Люди боятся узреть приход Зверя. Я – я не боюсь. Зверь? Он всегда был здесь, рядом со мною; каждый день я встречала его презрительный взгляд – в моем собственном доме, на улице и даже под кровом церкви. Каждый день ощущала я его укусы! Он без конца пожирал мою жизнь.

И Марта долгие минуты продолжала еще в том же духе. Я привел ее речи такими, как запомнил, разумеется, не слово в слово, а приблизительно. Сам же я подумал про себя: «Боже, как ты, должно быть, настрадалась, женщина, с тех далеких времен, когда еще была беззаботной проказницей, дочерью моего цирюльника!»

На какое-то мгновение я подъехал к ней ближе, чтобы нежно взять ее за руку. Тогда она замолчала, метнула на меня короткий благодарный взгляд, потом опустила вуаль на лицо и заплакала.

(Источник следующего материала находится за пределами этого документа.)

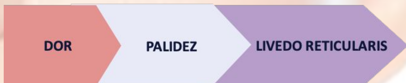
Fig. 2 - Sintomatologia da oclusão vascular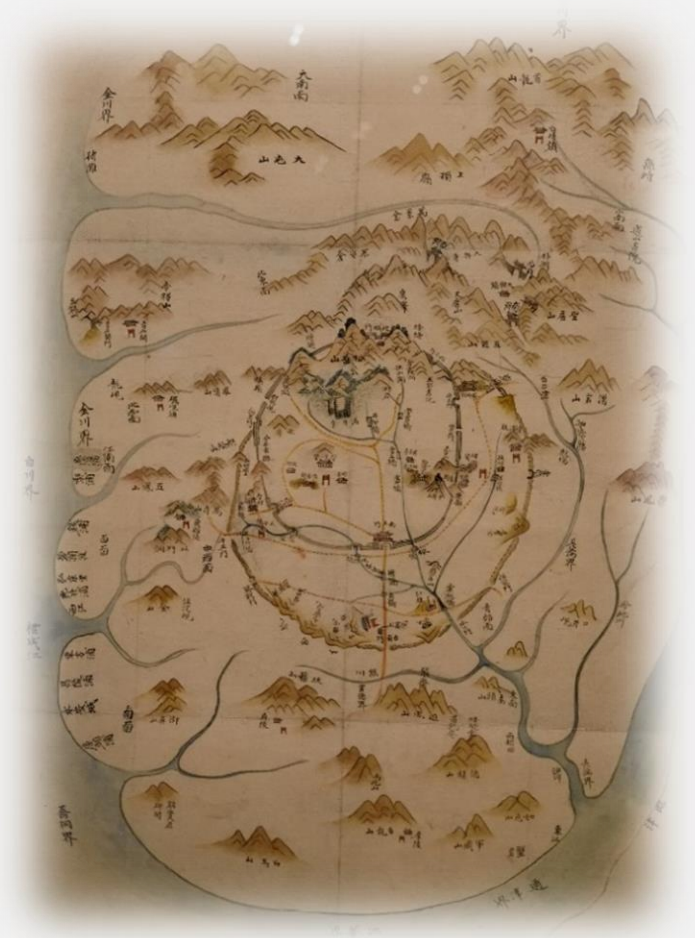
고려의 수도인 개성을 그린 개성전도

Остаток дня я только и думал о ее словах и следил за ней взглядом. Сейчас я больше, чем когда-либо, испытывал к ней огромную отеческую любовь. Я желал ей счастья, но решиться обещать ей это счастье я не смогу. Я лишь могу поклясться никогда не заставлять ее страдать.

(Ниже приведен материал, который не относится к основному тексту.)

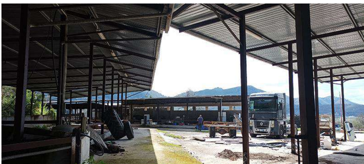
VISTE DELLE TETTOIE LATO EST

Остается признать, что для того, чтобы оградить ее от страданий, я должен или еще приблизиться к ней, или же удалиться от нее.


26 сентября.

Сегодня я рассказал Маимуну, что привело меня на эту дорогу, попросив его сообщить мне с искренностью друга, какие чувства пробудили в нем мои слова. Я не оставил неясностей, ничего не скрыл от него: ни паломника из Московии, ни книги Мазандарани, ни числа Зверя, ни выходок Бумеха, ни смерти старого Идриса. Мне нужен был опытный глаз ювелира, привычный к блеску фальшивых брильянтов и способный отличить настоящий камень. Но в ответ на мои вопросы он задал мне свои, добавив к моим тревогам тяжесть собственных. Или по крайней мере тревоги своих родных.

Сначала он слушал меня, погруженный в молчание. Казалось, словно ничто из моих слов не удивляло его, но с каждой моей фразой он становился более задумчивым и будто удрученным чем-то. Когда я закончил, он взял меня за руку:

– Ты говорил со мной как брат. И теперь моя очередь открыть тебе свое сердце. Причины моей поездки не слишком отличаются от тех, что позвали в дорогу тебя. Я тоже отправился в путь из-за этих проклятых слухов. Против своей воли и понося легковерие, суеверия, церковные календари и мнимые знаки, но все же отправился: я не мог поступить по-другому, иначе умер бы мой отец. Оба мы – ты и я – жертвы неразумия наших близких…

Усердный читатель священных текстов, отец Маимуна вот уже долгие годы был убежден, что конец света неизбежен. По его словам, в «Зогаре» 1919
  «Зогар» («Сияние», «Книга Сияния») – главное каббалистическое сочинение, появившееся в Кастилии в конце XIII в. и приписываемое Моисею Леонскому. – Примеч. ред.


[Закрыть]
, книге каббалистов, написано, что в 5408 году восстанут почившие во прахе. А по еврейскому календарю этот год соответствует 1648 году нашей эры.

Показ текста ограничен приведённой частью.